Here's how my data looks like:
mydata<-data.frame(sassign$buyer,sassign$purch,sassign$total_)
str(mydata)
'data.frame': 50000 obs. of 3 variables:
$ sassign.buyer : Factor w/ 2 levels "no","yes": 1 1 1 1 1 2 1 1 2 1 ...
$ sassign.purch : num 10 3 2 1 1 1 1 11 11 1 ...
$ sassign.total_: num 357 138 172 272 149 113 15 238 418 123 ...
head(mydata)
sassign.buyer sassign.purch sassign.total_
1 no 10 357
2 no 3 138
3 no 2 172
4 no 1 272
5 no 1 149
6 yes 1 113
My objective is to find average number of buyers with # of purchases > 1.
So, here's what I did:
Method 1: Long method
library(psych)
check<-as.numeric(mydata$sassign.buyer)-1
myd<-cbind(mydata,check)
abcd<-psych::describe(myd[myd$sassign.purch>1,])
abcd$mean[4]
The output I got is:0.1031536697, which is correct.
#Sathish: Here's how check looks like:
head(check)
0 0 0 0 0 1
This did solve my purpose.
Pros of this method: It's easy and typically a beginner level.
Cons: Too many-- I need an extra variable (check). Plus, I don't like this method--it's too clunky.
Side Question : I realized that by default, functions don't show higher precision although options (digits=10) is set. For instance, here's what I got from running :
psych::describe(myd[myd$sassign.purch>1,])

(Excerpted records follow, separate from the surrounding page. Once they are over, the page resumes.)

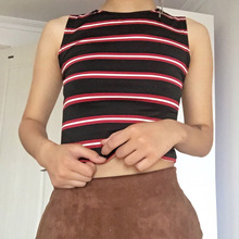 欧美短款针织背心夏季韩版显瘦条纹气质百搭无袖上衣女高腰吊带潮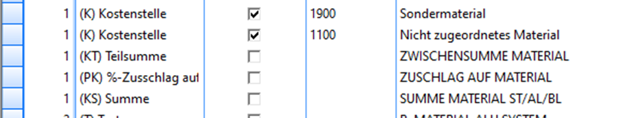 Hierzu gehört die Art „(T) Text“, „(K) Kostenstelle“, „(KS) Kostenstellensumme“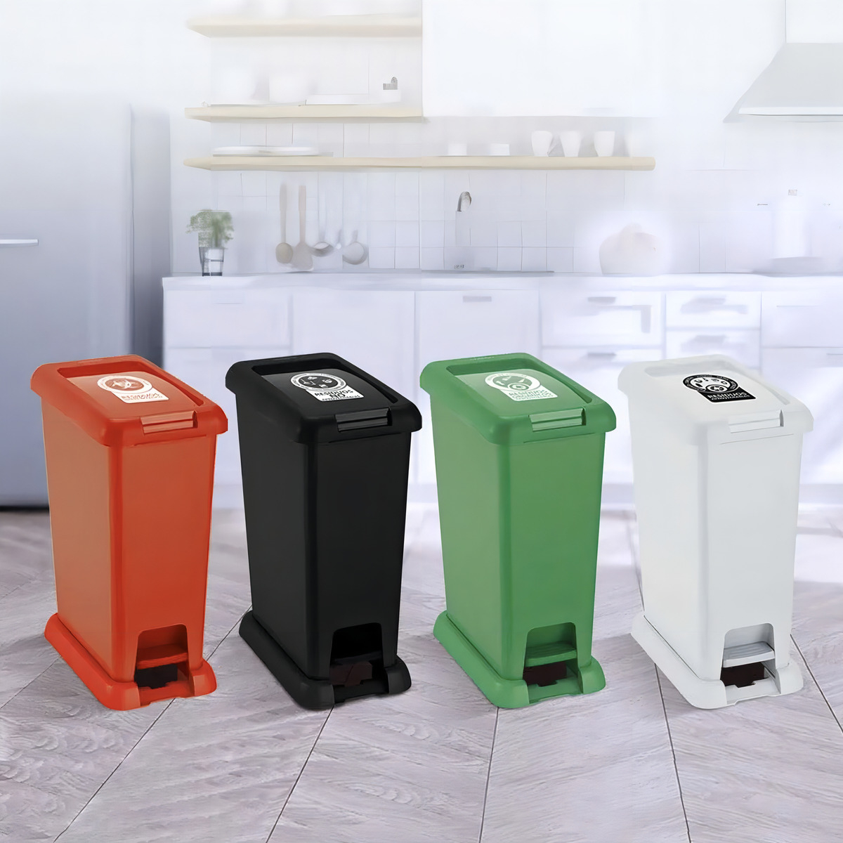 Sistema de apertura: Tapa abatible accionada por pedal, que permite una apertura y cierre suaves, evitando el contacto directo con los residuos.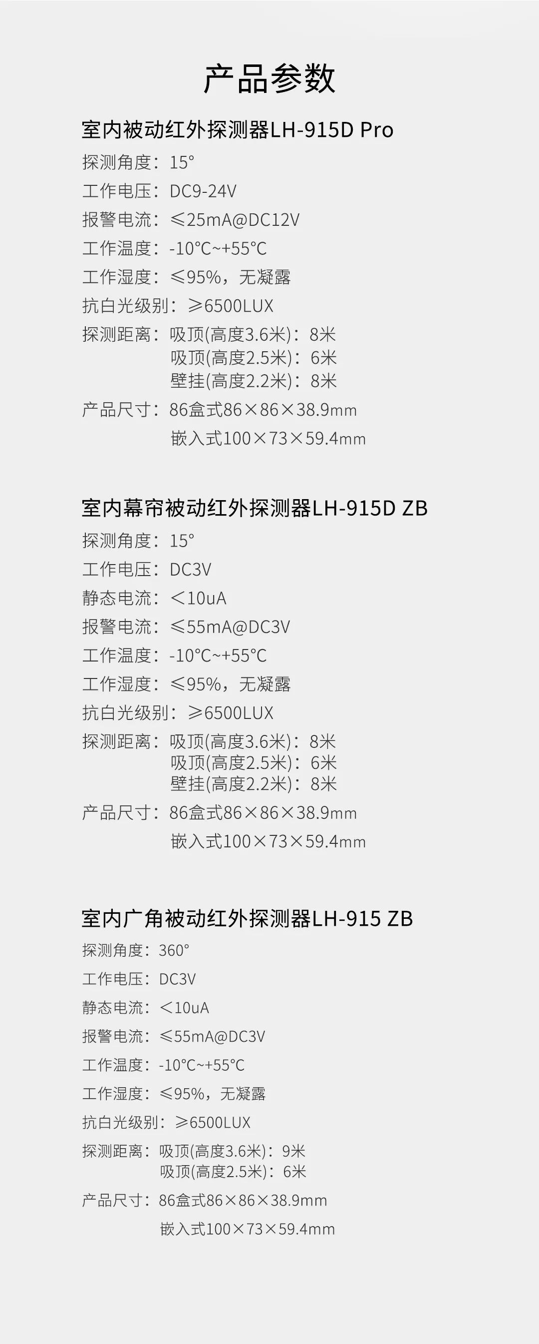 豪恩安防室內(nèi)被動(dòng)紅外探測(cè)器 LH-915 系列

vars n mean sd median trimmed mad min max range skew
sassign.buyer* 1 34880 1.10 0.30 1 1.00 0.00 1 2 1 2.61
sassign.purch 2 34880 5.14 3.48 4 4.73 2.97 2 12 10 0.65
sassign.total_ 3 34880 227.40 101.12 228 226.13 112.68 30 479 449 0.09
check 4 34880 0.10 0.30 0 0.00 0.00 0 1 1 2.61
kurtosis se
sassign.buyer* 4.81 0.00
sassign.purch -1.05 0.02
sassign.total_ -0.72 0.54
check 4.81 0.00
It's only when I ran
abcd$mean[4]
I got 0.1031536697
Method 2: Using dplyr
I tried pipes and function call, but I finally gave up.
Method 2 | Try1:
psych::describe(dplyr::filter(mydata,mydata$sassign.purch>1)[,dplyr::mutate(as.numeric(mydata$sassign.buyer)-1)])
Output:
Error in UseMethod("mutate_") :
no applicable method for 'mutate_' applied to an object of class "c('double', 'numeric')"

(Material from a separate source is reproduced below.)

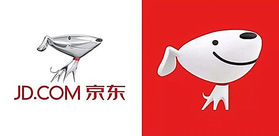 2017年8月京东开始启用全新设计的扁平化Logo,与之前的立体式Logo相比,金属狗Joy更加的可爱、圆润,同时Logo下方的“JD.COM”也被去除,整体以红色为底,红白相衬,更加简洁大方,更有识别度。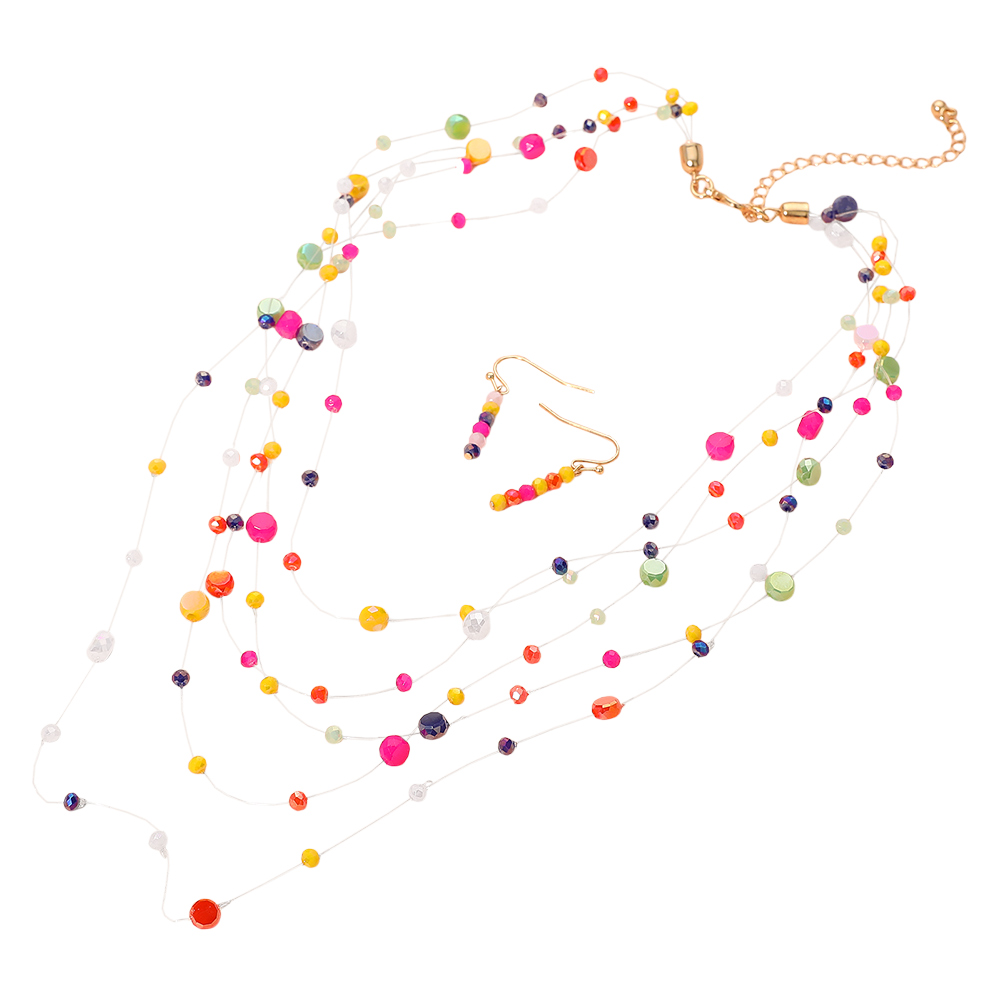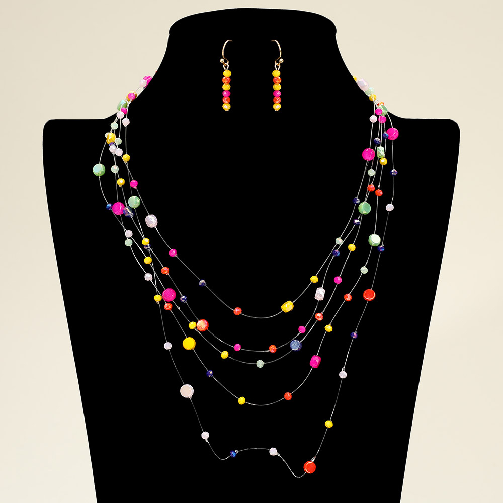 Teardrop Glass Stone Flower Pointed Evening Necklace

Method 2 | Try2: Using pipes:
mydata %>% mutate(newcol = as.numeric(sassign.buyer)-1) %>% dplyr::filter(sassign.purch>1) %>% summarise(meanpurch = mean(newcol))
This did work, and I got meanpurch= 0.1031537. However, I am still not sure about Try 1.

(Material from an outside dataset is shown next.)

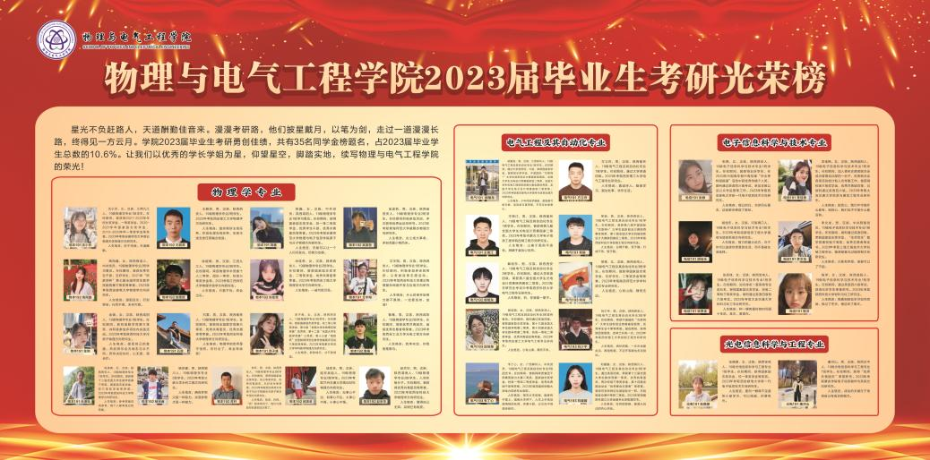 学院上下思想同频、行动同步,牢牢抓住“立德树人”这一根本任务,把学生考研作为人才培养的重要内容之一,充分发挥学院领导班子、专业课教师、辅导员等多支队伍的力量。针对2023届毕业生从考研动员、报名推荐、专业指导、压力疏导、后勤保障等方面提供帮助与指导,2023年共有35名同学考取硕士研究生,包括陕西师范大学、西安理工大学、南京邮电大学等多所重点高校,占2023届毕业学生总数的10.6%。

Any thoughts why this isn't working?
Data:
> dt
# sassign.buyer sassign.purch sassign.total_
# 1 no 10 357
# 2 no 3 138
# 3 no 2 172
# 4 no 1 272
# 5 no 1 149
# 6 yes 1 113
Number of Buyers with purchases greater than 1
library(dplyr)
dt %>%
group_by(sassign.buyer) %>%
filter(sassign.purch > 1)
#
# Source: local data frame [3 x 3]
# Groups: sassign.buyer [1]
#
# sassign.buyer sassign.purch sassign.total_
# (chr) (int) (int)
# 1 no 10 357
# 2 no 3 138
# 3 no 2 172
Average number of buyers with purchases greater than 1
dt %>%
group_by(sassign.buyer) %>%
filter(sassign.purch > 1) %>%
summarise(avg_no_buyers_gt_1 = length(sassign.buyer)/ nrow(dt))
# Source: local data frame [1 x 2]
#
# sassign.buyer avg_no_buyers_gt_1
# (chr) (dbl)
# 1 no 0.5
If no grouping of buyers is required,
dt %>%
filter(sassign.purch > 1) %>%
summarise(avg_no_buyers_gt_1 = length(sassign.buyer)/ nrow(dt))
# avg_no_buyers_gt_1
# 1 0.7777778
Finding the proportion of cases that suit a condition is easy to do with mean(). Here's a blog post explaining it: https://drsimonj.svbtle.com/proportionsfrequencies-with-mean-and-booleans, and here's a simple example:
buyer <- c("yes", "yes", "no", "no")
mean(buyer == "yes")
#> [1] 0.5
So in your case, you can do mean(d$sassign.buyer[d$sassign.purch > 1] == "yes"). Here's a worked example:
d <- data.frame(
sassign.buyer = factor(c("yes", "yes", "no", "no")),
sassign.purch = c(1, 10, 0, 200)
)
mean(d$sassign.buyer[d$sassign.purch > 1] == "yes")
#> [1] 0.5
This gets all cases where d$sassign.purch is greater han 1, and then computes the proportion (using mean()) of these cases in which d$sassign.buyer is equal to "yes".